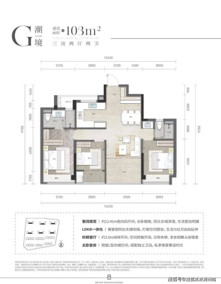 建面约103㎡的三房户型,四开间朝南,且南向面宽竟做到了约12.45米,阳光得以在全屋渗透。主卧预留的L型衣帽空间,让女主人一眼动心。
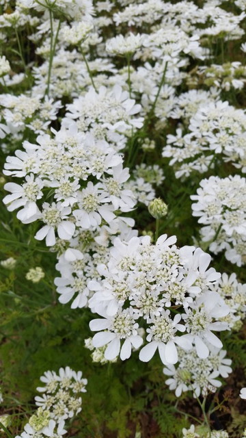 Annual. Though the bird hails from Australia, with this beauty in your garden, you can add white finches to your backyard annual count. The White Finch flower exhibits a dainty delicacy resembling lace-cap hydrangea, with the central florets of a flat-topped cluster surrounded by a ring of larger flowers that might, poetically, resemble the fluttering of birds’ wings. The plant stands tall at 2–3' with ferny foliage and sturdy stems. Deadheading will keep the flowers coming until frost. For long-lasting enjoyment as an airy addition in bouquets, harvest before the pollen starts to shed. When dried, the seed pods can also be arranged to interesting effect. Best direct seeded. Full sun.
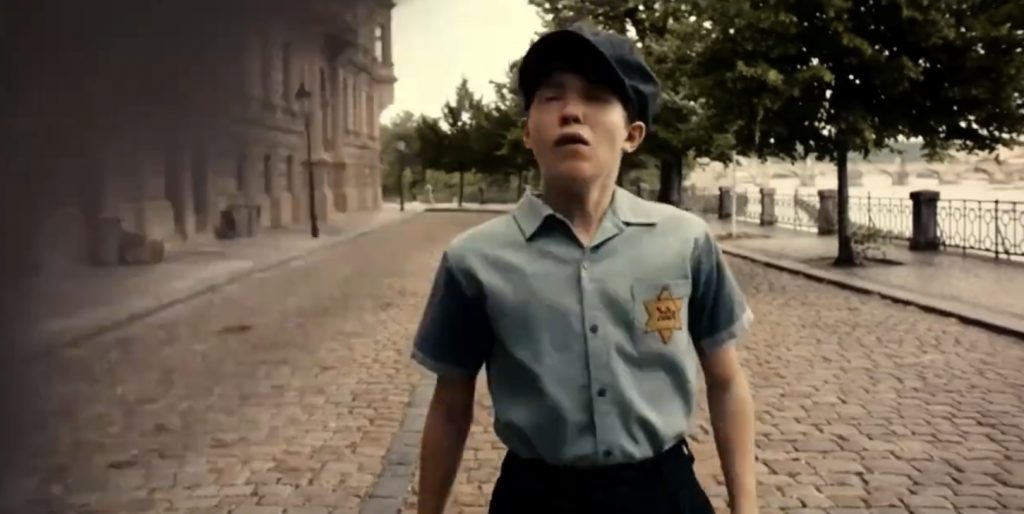 На первый взгляд, эта современная структура кажется неуместной для фильма, который хочет снять Финн Тейлор. Ведь он переносит зрителей в Прагу в то время, когда там начинали появляться нацисты, а Герберт был еще молод, Однако призрак смерти и связанные с ним сюжетные возможности постоянно витали над фильмами Тейлора с тех пор, как в его первом фильме «Повелитель рыб» был использован сюжет, в котором безнадежный главный герой оказывается на грани самоубийства. Впоследствии режиссер стал естественным выбором для того, чтобы снять фильм «Премия Дарвина» о самых глупых способах умереть. В этом контексте немного терпения к неуклюжей завязке стоит того, когда «Оптимист» оказывается необычайно глубоким размышлением о чувстве вины выжившего, в равной степени посвященным тому, как Эбби открывается Герберту после травмирующего события, и как он открывается ей. «Если ты расскажешь мне о своем шраме, я расскажу тебе и о своем», - несколько неуверенно обещает Эбби, когда Герберт впервые садится напротив нее, заметив зашитый разрез на ее шее. Как только они начинают общаться, смысл разговора теряется, как и тот факт, что Лэнг кажется слишком молодым для пережившего Холокост, даже несмотря на то, что действие фильма происходит в 2004 году. Обращаясь к тем же миллениалам, которых больше тронул, чем ужаснул, первый поцелуй Хейзел и Гаса на чердаке, где пряталась Анна Франк в фильме «Виноваты звезды», «Оптимист» не принижает серьезность своей темы, но и не считает священными прошлые трактовки этой истории. Тейлор и оператор Александр Суркала снимают сцены, происходящие во время Холокоста, гораздо менее торжественно, чем их предшественники, создавая ощущение, что вина постоянно преследует Герберта (Люк Дэвид Блум в детстве). Его отец (Славко Собин) убежден в том, что Чехословакия не падет под натиском нацистов, и прежде чем он успевает что-либо понять, его жена (Стелла Стокер) начинает пришивать желтые звезды Давида на их одежду.
********
## Task directions
Exactly as written, reproduce the lines from the beginning of the material through the line with "Annual. Though the", and skip any picture.

## Solution
 建面约103㎡的三房户型,四开间朝南,且南向面宽竟做到了约12.45米,阳光得以在全屋渗透。主卧预留的L型衣帽空间,让女主人一眼动心。
 Annual. Though the bird hails from Australia, with this beauty in your garden, you can add white finches to your backyard annual count. The White Finch flower exhibits a dainty delicacy resembling lace-cap hydrangea, with the central florets of a flat-topped cluster surrounded by a ring of larger flowers that might, poetically, resemble the fluttering of birds’ wings. The plant stands tall at 2–3' with ferny foliage and sturdy stems. Deadheading will keep the flowers coming until frost. For long-lasting enjoyment as an airy addition in bouquets, harvest before the pollen starts to shed. When dried, the seed pods can also be arranged to interesting effect. Best direct seeded. Full sun.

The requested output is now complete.